Stored data Block Start

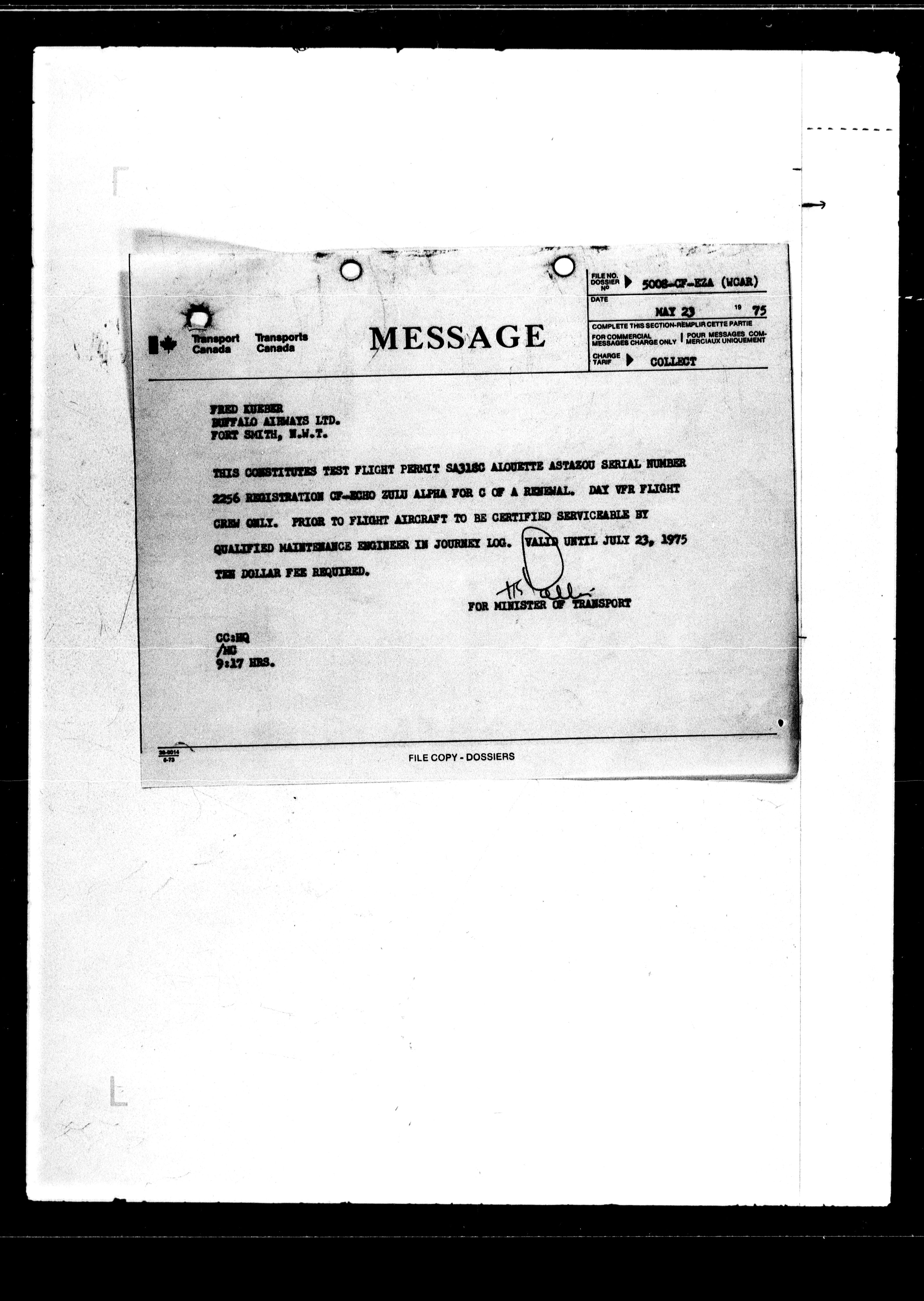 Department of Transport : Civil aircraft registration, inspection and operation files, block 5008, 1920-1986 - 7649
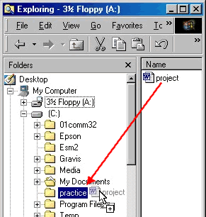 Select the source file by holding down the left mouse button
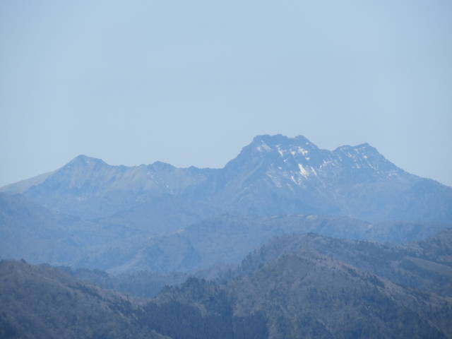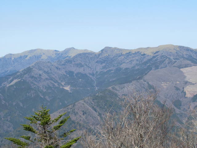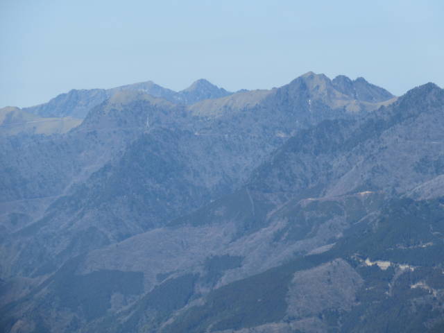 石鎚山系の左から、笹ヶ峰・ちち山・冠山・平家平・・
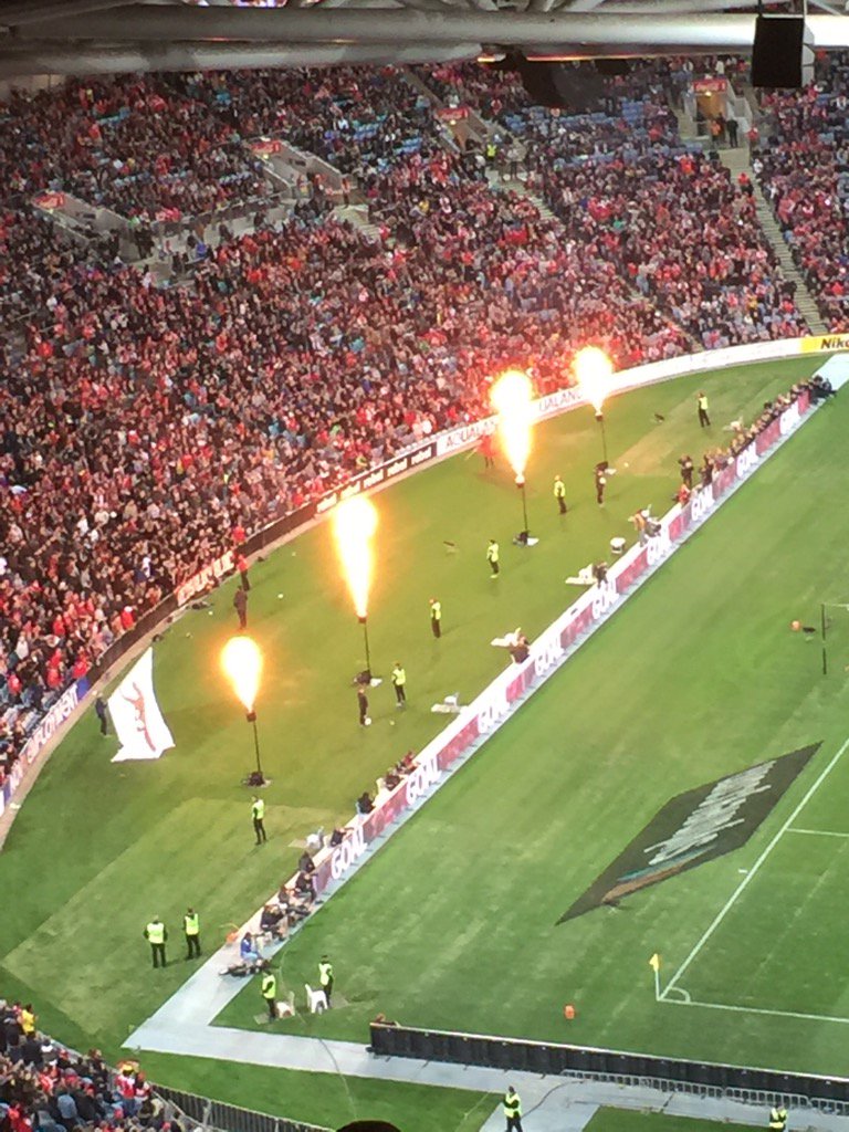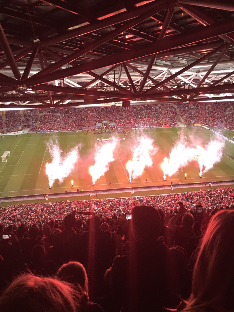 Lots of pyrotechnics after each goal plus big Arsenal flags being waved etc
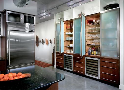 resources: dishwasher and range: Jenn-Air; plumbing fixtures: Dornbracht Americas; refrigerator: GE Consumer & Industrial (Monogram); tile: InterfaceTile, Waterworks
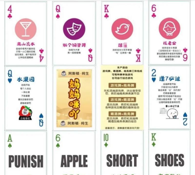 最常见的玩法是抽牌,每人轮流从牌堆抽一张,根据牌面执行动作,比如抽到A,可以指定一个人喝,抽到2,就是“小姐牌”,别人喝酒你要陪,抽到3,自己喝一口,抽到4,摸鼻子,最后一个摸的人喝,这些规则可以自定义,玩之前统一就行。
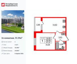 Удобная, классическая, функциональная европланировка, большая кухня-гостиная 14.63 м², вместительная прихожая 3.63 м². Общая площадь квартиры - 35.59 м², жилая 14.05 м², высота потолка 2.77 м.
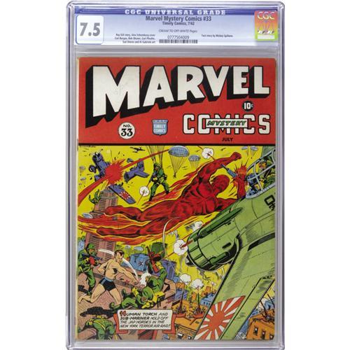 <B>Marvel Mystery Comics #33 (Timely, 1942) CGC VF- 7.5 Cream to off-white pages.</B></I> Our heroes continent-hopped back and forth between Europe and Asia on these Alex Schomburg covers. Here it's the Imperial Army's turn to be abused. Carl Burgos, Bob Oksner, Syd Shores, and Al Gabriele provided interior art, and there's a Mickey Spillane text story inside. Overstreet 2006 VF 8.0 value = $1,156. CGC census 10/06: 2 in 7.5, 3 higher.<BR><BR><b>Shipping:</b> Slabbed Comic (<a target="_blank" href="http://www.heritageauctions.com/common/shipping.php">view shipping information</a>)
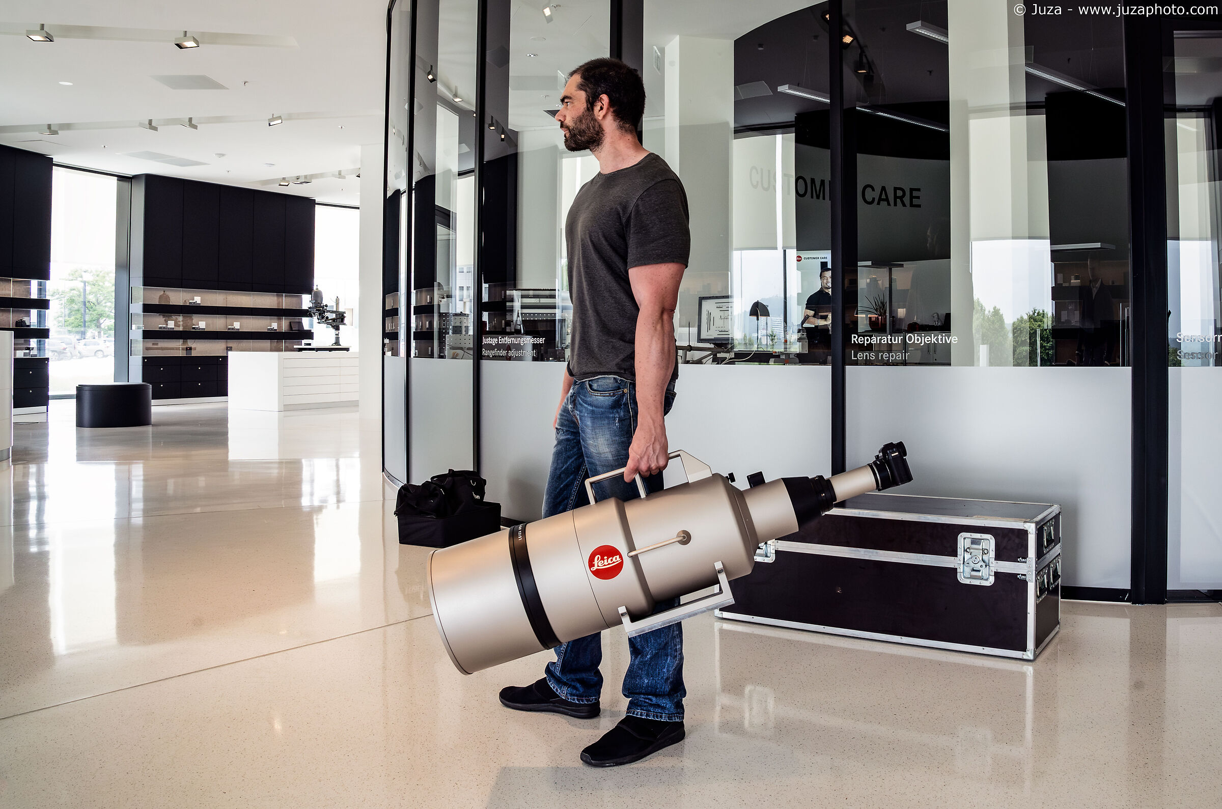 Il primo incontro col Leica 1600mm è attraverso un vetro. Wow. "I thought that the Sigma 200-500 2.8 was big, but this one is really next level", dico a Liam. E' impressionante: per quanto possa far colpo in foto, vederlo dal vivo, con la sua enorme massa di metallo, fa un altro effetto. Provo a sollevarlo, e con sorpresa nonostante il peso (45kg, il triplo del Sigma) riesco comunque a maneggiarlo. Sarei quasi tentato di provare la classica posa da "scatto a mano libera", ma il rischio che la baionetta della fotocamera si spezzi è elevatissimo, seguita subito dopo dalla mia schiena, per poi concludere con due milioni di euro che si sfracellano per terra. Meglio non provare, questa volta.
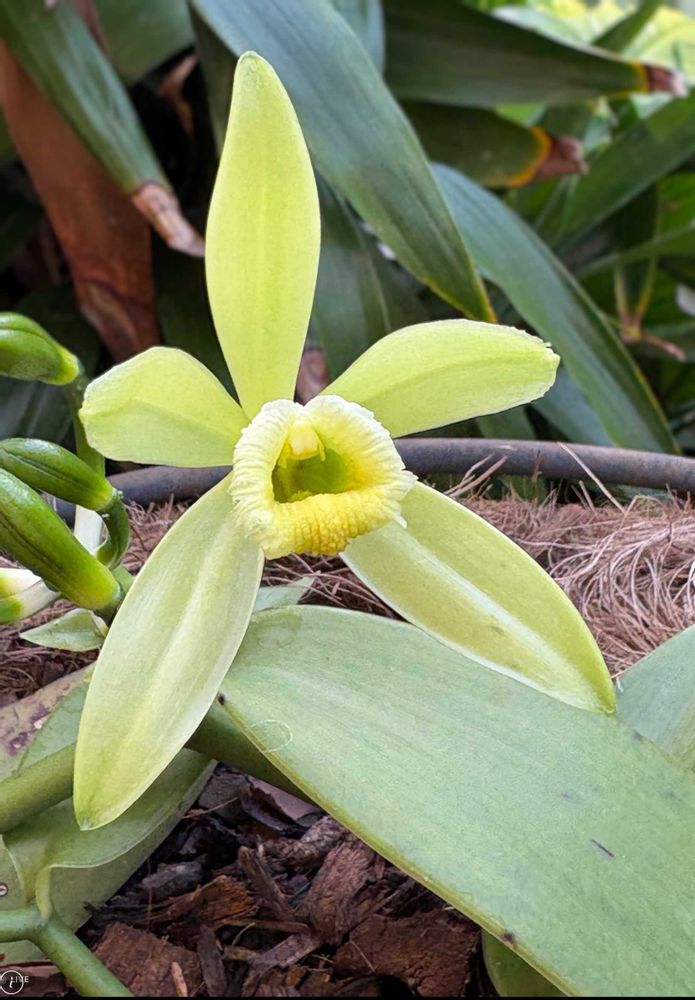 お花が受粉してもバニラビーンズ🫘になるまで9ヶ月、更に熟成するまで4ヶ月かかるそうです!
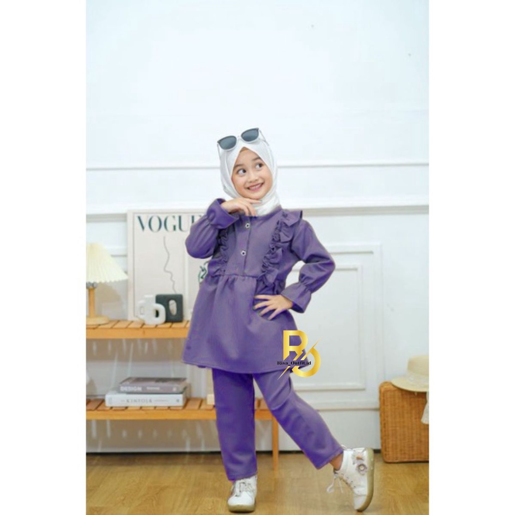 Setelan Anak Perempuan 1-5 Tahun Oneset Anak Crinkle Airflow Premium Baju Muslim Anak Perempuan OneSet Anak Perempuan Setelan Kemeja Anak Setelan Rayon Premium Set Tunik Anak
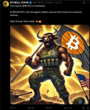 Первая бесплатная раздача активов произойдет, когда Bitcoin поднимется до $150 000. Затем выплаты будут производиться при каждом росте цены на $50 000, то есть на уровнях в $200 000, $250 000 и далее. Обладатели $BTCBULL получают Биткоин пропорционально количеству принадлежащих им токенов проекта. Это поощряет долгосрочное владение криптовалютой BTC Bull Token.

Stored data Block End

-- Problem description --
Copy word for word the lines above, starting at the line containing "Lots of pyrotechnics" and ending at the line containing "Удобная, классическая, функциональная", inclusive, with no pictures.

-- Output for this task --
 Lots of pyrotechnics after each goal plus big Arsenal flags being waved etc
 resources: dishwasher and range: Jenn-Air; plumbing fixtures: Dornbracht Americas; refrigerator: GE Consumer & Industrial (Monogram); tile: InterfaceTile, Waterworks
 最常见的玩法是抽牌,每人轮流从牌堆抽一张,根据牌面执行动作,比如抽到A,可以指定一个人喝,抽到2,就是“小姐牌”,别人喝酒你要陪,抽到3,自己喝一口,抽到4,摸鼻子,最后一个摸的人喝,这些规则可以自定义,玩之前统一就行。
 Удобная, классическая, функциональная европланировка, большая кухня-гостиная 14.63 м², вместительная прихожая 3.63 м². Общая площадь квартиры - 35.59 м², жилая 14.05 м², высота потолка 2.77 м.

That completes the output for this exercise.